From Wires Under Oceans to Neurons in the Brain
The concept of information optimization is rooted in electrical
engineering: Experts originally wanted to understand how best to encode
and then decode sound to allow people to talk on the telephone via
transoceanic cables. That goal later turned into a broader consideration
of how to transmit information optimally through a channel. It wasn’t
much of a leap to apply this framework to the brain’s sensory systems
and how they measured, encoded and decoded inputs to produce a response.
Now some experts are trying to think about all kinds of “sensory
systems” in this way: Razo-Mejia, for instance, has studied how
optimally bacteria sense and process chemicals in their environment, and
how that might affect their fitness. Meanwhile, Walczak and her
colleagues have been asking what a “good decoding strategy” might look
like in the adaptive immune system, which has to recognize and respond
to a massive repertoire of intruders.
“I don’t think optimization is an aesthetic or philosophical idea.
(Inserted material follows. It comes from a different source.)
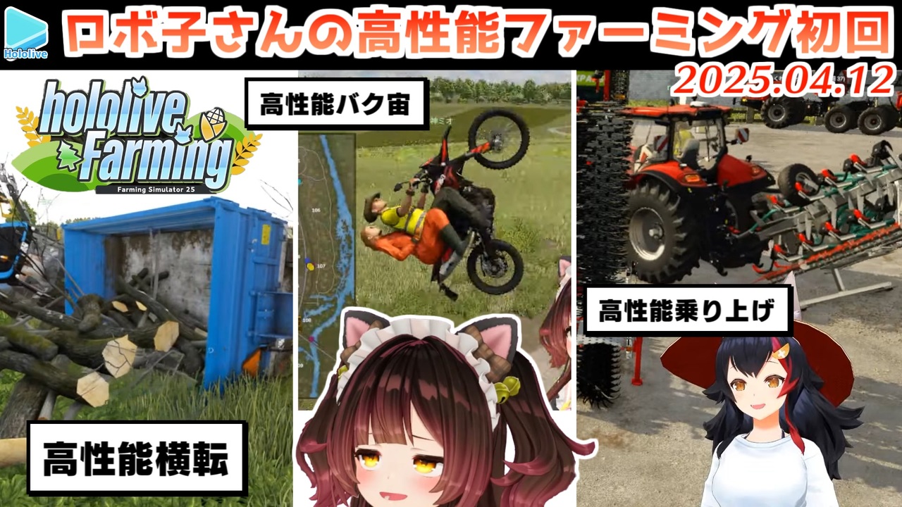 <a href="#" class="seekTime" data-seekTime="00:00" onclick="seekNicoPlayer('#00:00'); return false;">#00:00</a> ロボ子さんの高性能運転<br><a href="#" class="seekTime" data-seekTime="01:56" onclick="seekNicoPlayer('#01:56'); return false;">#01:56</a> 免許持ってるの?<br><a href="#" class="seekTime" data-seekTime="02:08" onclick="seekNicoPlayer('#02:08'); return false;">#02:08</a> 天然リオナ<br><a href="#" class="seekTime" data-seekTime="02:37" onclick="seekNicoPlayer('#02:37'); return false;">#02:37</a> ロボ子で大丈夫なのか?<br><a href="#" class="seekTime" data-seekTime="03:08" onclick="seekNicoPlayer('#03:08'); return false;">#03:08</a> 高性能クレーン<br><a href="#" class="seekTime" data-seekTime="04:12" onclick="seekNicoPlayer('#04:12'); return false;">#04:12</a> 高性能ナビ<br><a href="#" class="seekTime" data-seekTime="04:27" onclick="seekNicoPlayer('#04:27'); return false;">#04:27</a> 高性能バイク<br><a href="#" class="seekTime" data-seekTime="05:50" onclick="seekNicoPlayer('#05:50'); return false;">#05:50</a> 高性能横転<br><br>元動画様はこちら<br>【 #ホロライブファーマーズ】求人をみてやってきました、新人です【ホロライブ/ ロボ子さん】<br><a href="https://youtu.be/bNKJHe2j1BQ" target="_blank" rel="noopener nofollow">https://youtu.be/bNKJHe2j1BQ</a><br><br>【Farming Simulator 25】作付けの季節!農業するぞ~~!【大神ミオ視点】<br><a href="https://youtu.be/rQnmQ5DTWoQ" target="_blank" rel="noopener nofollow">https://youtu.be/rQnmQ5DTWoQ</a><br><br>Roboco Ch. - ロボ子 <a href="https://t.co/9Tw5lajPeC" target="_blank" rel="noopener nofollow">https://t.co/9Tw5lajPeC</a><br>フブキCh。白上フブキ <a href="https://t.co/R9TNhC7sPO" target="_blank" rel="noopener nofollow">https://t.co/R9TNhC7sPO</a><br>Mio Channel 大神ミオ <a href="https://t.co/srC9Gb4Mxi" target="_blank" rel="noopener nofollow">https://t.co/srC9Gb4Mxi</a><br>Riona Ch. 響咲リオナ - FLOW GLOW <a href="https://t.co/VMzllnZDvq" target="_blank" rel="noopener nofollow">https://t.co/VMzllnZDvq</a><br /><span style="color: #b7b7b7; font-size: 10px;">ホロライブ切り抜き/なめたけ <a href="https://t.co/CBwJLnYR2c" target="_blank" rel="noopener nofollow">https://t.co/CBwJLnYR2c</a></span>

It’s a very concrete idea,” Bialek said. “Optimization principles have
time and again pointed to interesting things to measure.” Whether or not
they are correct, he considers them productive to think about.
“Of course, the difficulty is that in many other systems, the
property being decoded is more difficult than one-dimensional position
[along the embryo’s axis],” Walczak said. “The problem is harder to
define.”
That’s what made the system Bialek and his colleagues studied so
tantalizing. “There aren’t many examples in biology where a high-level
idea, like information in this case, leads to a mathematical formula”
that is then testable in experiments on living cells, Kondev said.
It’s this marriage of theory and experiment that excites Bialek. He
hopes to see the approach continue to guide work in other contexts.
“What’s not clear,” he said, “is whether the observation [of
optimization] is a curiosity that arises in a few corners, or whether
there’s something general about it.”
If the latter does prove to be the case, “then that’s very striking,”
Briscoe said. “The ability for evolution to find these really efficient
ways of doing things would be an incredible finding.”
Kondev agreed. “As a physicist, you hope that the phenomenon of life
is not just about the specific chemistry and DNA and molecules that make
living things on planet Earth — that it’s broader,” he said. “What is
that broader thing? I don’t know. But maybe this is lifting a little bit
of the veil off that mystery.”
Correction added on March 15: The text was updated to acknowledge the contributions of Mariela Petkova and Gašper Tkačik.